▶ The records:

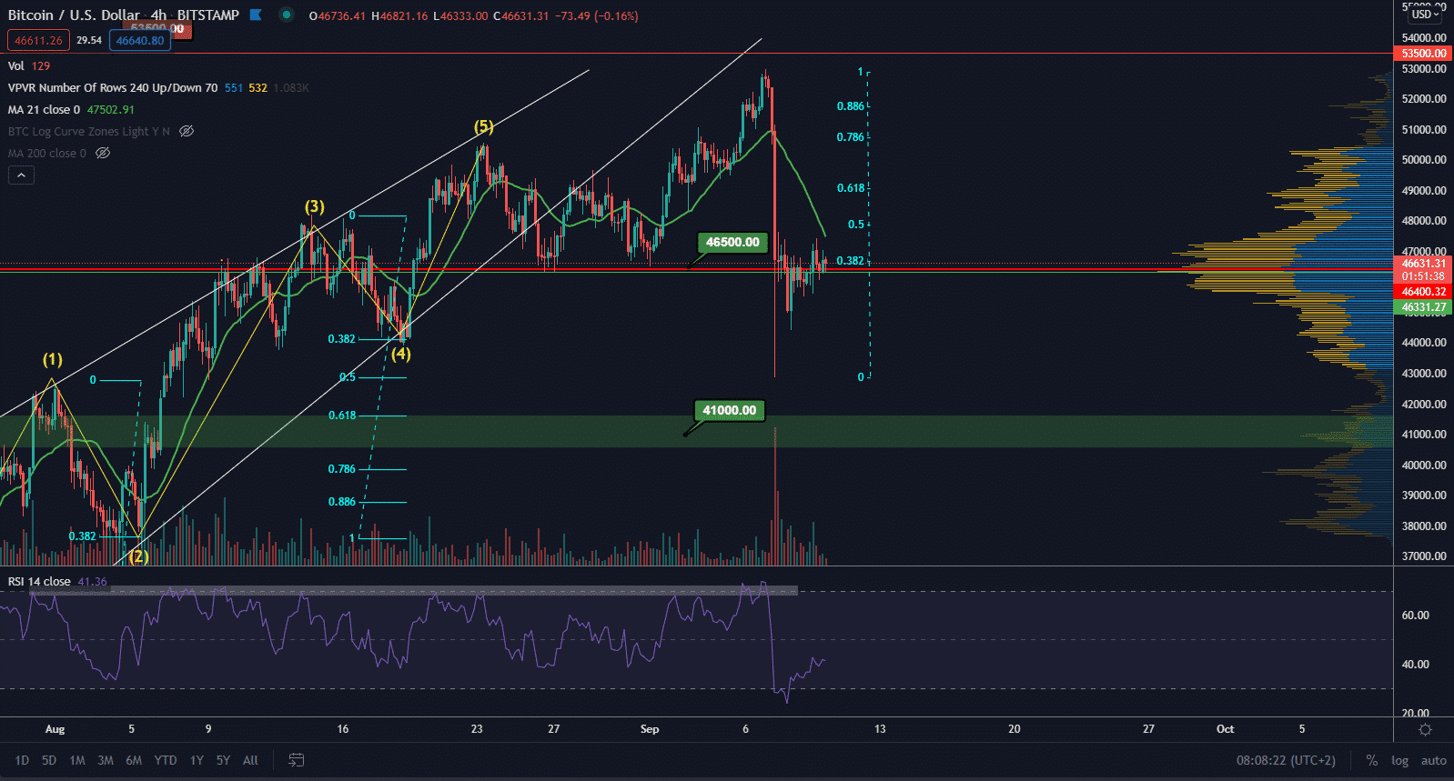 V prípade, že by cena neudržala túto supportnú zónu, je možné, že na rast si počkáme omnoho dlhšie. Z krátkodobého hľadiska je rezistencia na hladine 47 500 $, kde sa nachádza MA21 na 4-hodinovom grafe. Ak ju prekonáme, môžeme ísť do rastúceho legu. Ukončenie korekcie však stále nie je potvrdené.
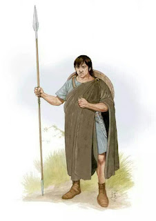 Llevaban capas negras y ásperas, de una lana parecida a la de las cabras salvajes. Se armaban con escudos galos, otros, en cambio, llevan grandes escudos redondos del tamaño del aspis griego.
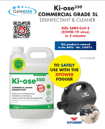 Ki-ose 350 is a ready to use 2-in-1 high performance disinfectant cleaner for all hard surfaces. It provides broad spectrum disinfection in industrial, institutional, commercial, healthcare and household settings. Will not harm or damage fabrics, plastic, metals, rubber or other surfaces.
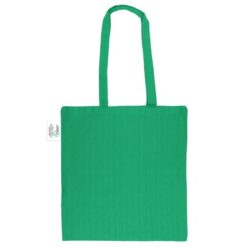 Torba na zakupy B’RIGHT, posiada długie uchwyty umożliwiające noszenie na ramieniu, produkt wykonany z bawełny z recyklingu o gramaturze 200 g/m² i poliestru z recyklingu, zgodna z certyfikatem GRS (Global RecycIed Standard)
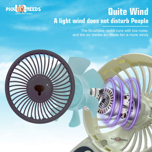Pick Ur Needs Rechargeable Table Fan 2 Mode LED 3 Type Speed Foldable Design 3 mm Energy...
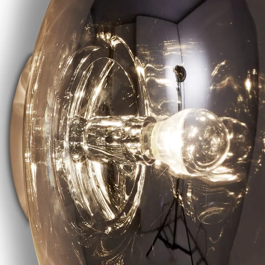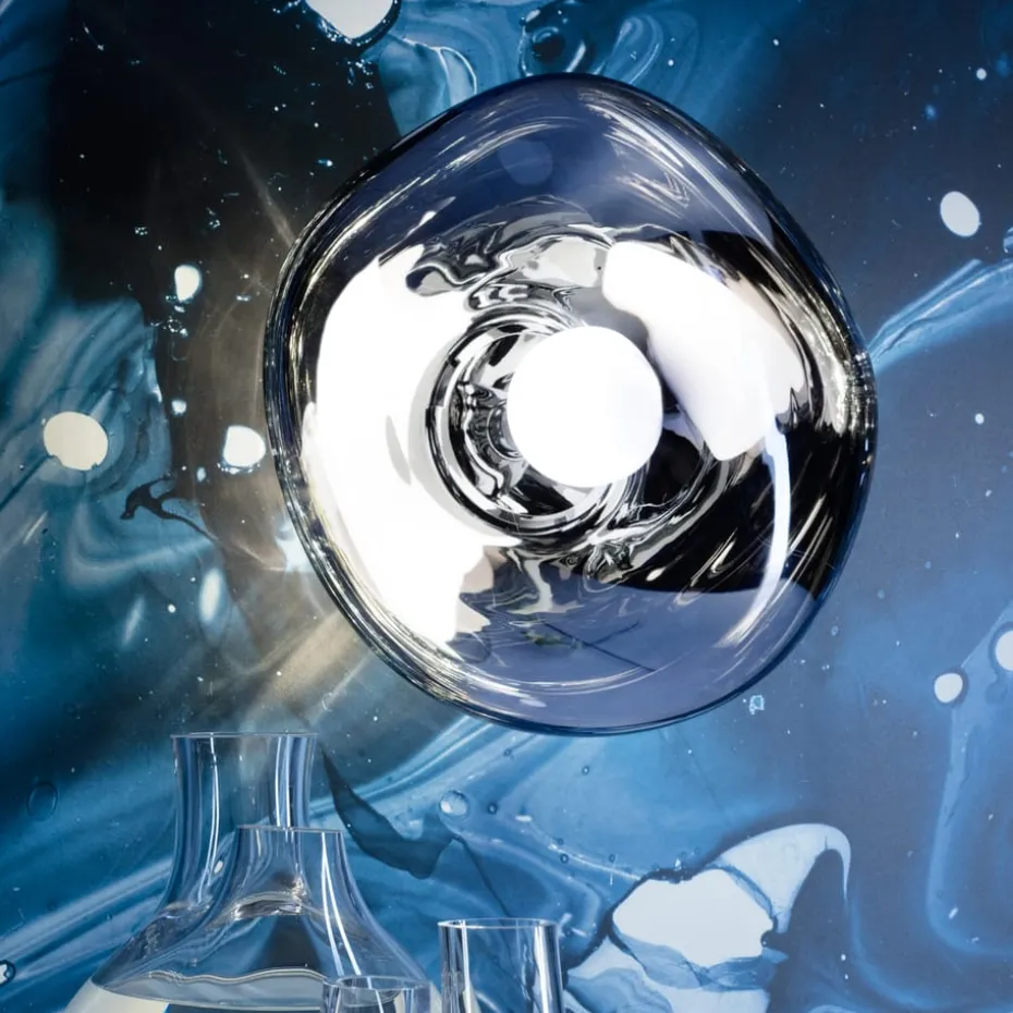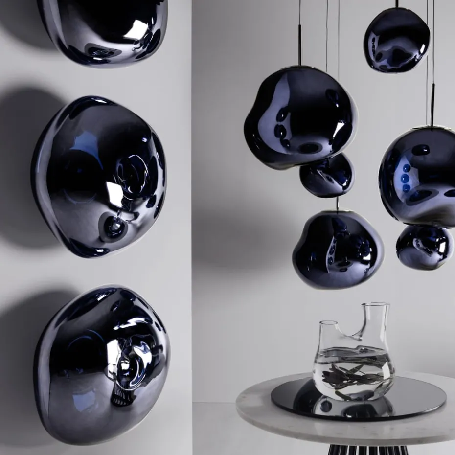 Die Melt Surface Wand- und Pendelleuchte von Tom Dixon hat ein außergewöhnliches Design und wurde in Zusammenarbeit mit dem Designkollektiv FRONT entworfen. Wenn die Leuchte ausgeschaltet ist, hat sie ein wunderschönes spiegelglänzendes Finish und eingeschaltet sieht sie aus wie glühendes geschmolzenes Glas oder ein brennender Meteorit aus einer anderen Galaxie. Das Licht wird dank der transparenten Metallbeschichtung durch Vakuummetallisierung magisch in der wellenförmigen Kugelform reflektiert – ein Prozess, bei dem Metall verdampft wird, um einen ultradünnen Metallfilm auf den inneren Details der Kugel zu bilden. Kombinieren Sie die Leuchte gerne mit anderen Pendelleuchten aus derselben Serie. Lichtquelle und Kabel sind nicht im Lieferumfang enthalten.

▶ Activity:
Transcribe all the entries precisely. Do not include any picture.

▶ Reply:
 V prípade, že by cena neudržala túto supportnú zónu, je možné, že na rast si počkáme omnoho dlhšie. Z krátkodobého hľadiska je rezistencia na hladine 47 500 $, kde sa nachádza MA21 na 4-hodinovom grafe. Ak ju prekonáme, môžeme ísť do rastúceho legu. Ukončenie korekcie však stále nie je potvrdené.
 Llevaban capas negras y ásperas, de una lana parecida a la de las cabras salvajes. Se armaban con escudos galos, otros, en cambio, llevan grandes escudos redondos del tamaño del aspis griego.
 Ki-ose 350 is a ready to use 2-in-1 high performance disinfectant cleaner for all hard surfaces. It provides broad spectrum disinfection in industrial, institutional, commercial, healthcare and household settings. Will not harm or damage fabrics, plastic, metals, rubber or other surfaces.
 Torba na zakupy B’RIGHT, posiada długie uchwyty umożliwiające noszenie na ramieniu, produkt wykonany z bawełny z recyklingu o gramaturze 200 g/m² i poliestru z recyklingu, zgodna z certyfikatem GRS (Global RecycIed Standard)
Pick Ur Needs Rechargeable Table Fan 2 Mode LED 3 Type Speed Foldable Design 3 mm Energy...
 Die Melt Surface Wand- und Pendelleuchte von Tom Dixon hat ein außergewöhnliches Design und wurde in Zusammenarbeit mit dem Designkollektiv FRONT entworfen. Wenn die Leuchte ausgeschaltet ist, hat sie ein wunderschönes spiegelglänzendes Finish und eingeschaltet sieht sie aus wie glühendes geschmolzenes Glas oder ein brennender Meteorit aus einer anderen Galaxie. Das Licht wird dank der transparenten Metallbeschichtung durch Vakuummetallisierung magisch in der wellenförmigen Kugelform reflektiert – ein Prozess, bei dem Metall verdampft wird, um einen ultradünnen Metallfilm auf den inneren Details der Kugel zu bilden. Kombinieren Sie die Leuchte gerne mit anderen Pendelleuchten aus derselben Serie. Lichtquelle und Kabel sind nicht im Lieferumfang enthalten.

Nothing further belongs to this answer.